Dunning is one of 77 officially designated community areas of the city of Chicago, Illinois. Dunning also is a neighborhood located on the Northwest Side of the city.

The neighborhood is home to Wilbur Wright College and the Eli's Cheesecake factory.

It is also the location of the Chicago-Read Mental Health Center, formerly known as Cook County Insane Asylum and commonly referred to, in its day, as simply "Dunning."

In 1851 this remote prairie location seemed ideal for Cook County's plans to erect a poor farm and asylum for the insane. The county purchased from Peter Ludby 160 acres hemmed in by Irving Park Road and Narragansett, Montrose, and Oak Park Avenues. Both facilities were housed in a three-story building situated atop a ridge.

Residents of the poor farm lived with their families growing vegetables, washing their clothes, and attending school on the premises. After 1863 the institution also admitted tuberculosis patients. The county built a separate building for the insane asylum in 1870. The construction of two more buildings in the 1880s added enough space to accommodate the more than 1,000 patients.

Following the Civil War, Andrew Dunning purchased 120 acres just south of the county property to start a nursery and lay the groundwork for a village. He set aside 40 acres for the settlement, but proximity to the insane hospital kept settlers away.

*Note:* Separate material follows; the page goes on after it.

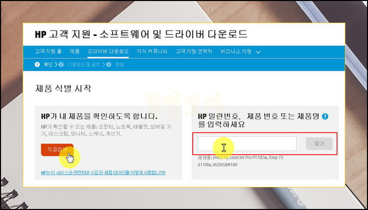 현재 가지고 있는 HP 프린터에 맞는 드라이버를 찾는 방법은 2가지가 있습니다. 왼쪽에 있는 'HP가 내 제품을 확인하도록 합니다."에서 "지금검색" 버튼을 누르거나 오른쪽에 있는 검색창에 일련번호, 제품 번호 또는 제품명을 입력하는 것입니다.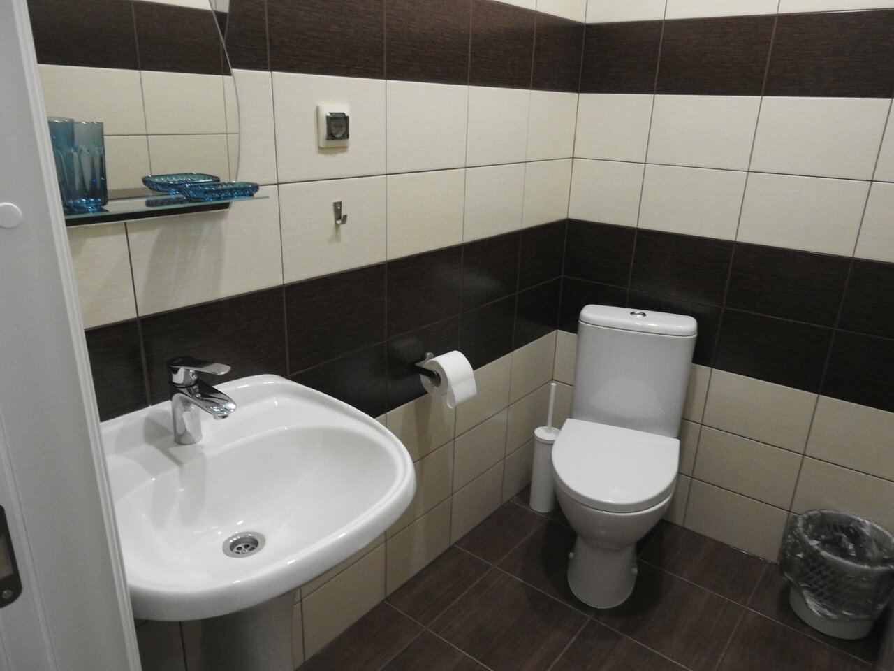 Площадь номера 25 м. кв. на втором этаже гостиницы Lagom в ВыборгеВ номере двух ярусные кровати, телевизор, бесплатный WiFi, обеденный стол, стулья, туалет с умывальником. Душевые кабины в конце коридора

Initially transportation links were poor. Although trains brought employees and commuters from the city, visitors had to walk two and a half miles from the depot to the county farm. After a single three-mile track was extended to the facilities in 1882, the Chicago, Milwaukee & St. Paul “crazy train” brought patients, supplies, and medicines. The county built a station, naming it for Dunning.

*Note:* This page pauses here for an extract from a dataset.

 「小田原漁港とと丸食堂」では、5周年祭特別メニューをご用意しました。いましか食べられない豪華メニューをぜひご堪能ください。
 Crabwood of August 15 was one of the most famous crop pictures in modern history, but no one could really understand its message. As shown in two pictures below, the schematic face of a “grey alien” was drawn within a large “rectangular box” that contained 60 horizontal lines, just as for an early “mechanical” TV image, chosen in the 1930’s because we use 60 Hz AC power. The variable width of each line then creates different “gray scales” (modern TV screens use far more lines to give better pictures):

In the 1880s and 1890s Dunning's rolling landscape remained sparsely settled. The Scandinavian Lutheran Cemetery Association bought 65 acres south of Dunning's property in 1886 which became Mount Olive Cemetery. Jewish families purchased 40 acres between the Scandinavian cemetery and Addison for burials.

Around the turn of the century Henry Kolze inherited a tavern and wooded acreage at Narragansett and Irving Park which he turned into a picnic grove, known as Kolze's Grove, or Kolze's Electric Park. The idyllic scenery enticed visitors, as did the tavern. With the advent of the Irving Park Boulevard street railway, clubs, churches, and companies held picnics in the grove. Based on records from the Chicago Department of Revenue, we know that in 1910 other similar venues such as Kosciuzko Grove were also in the Dunning area.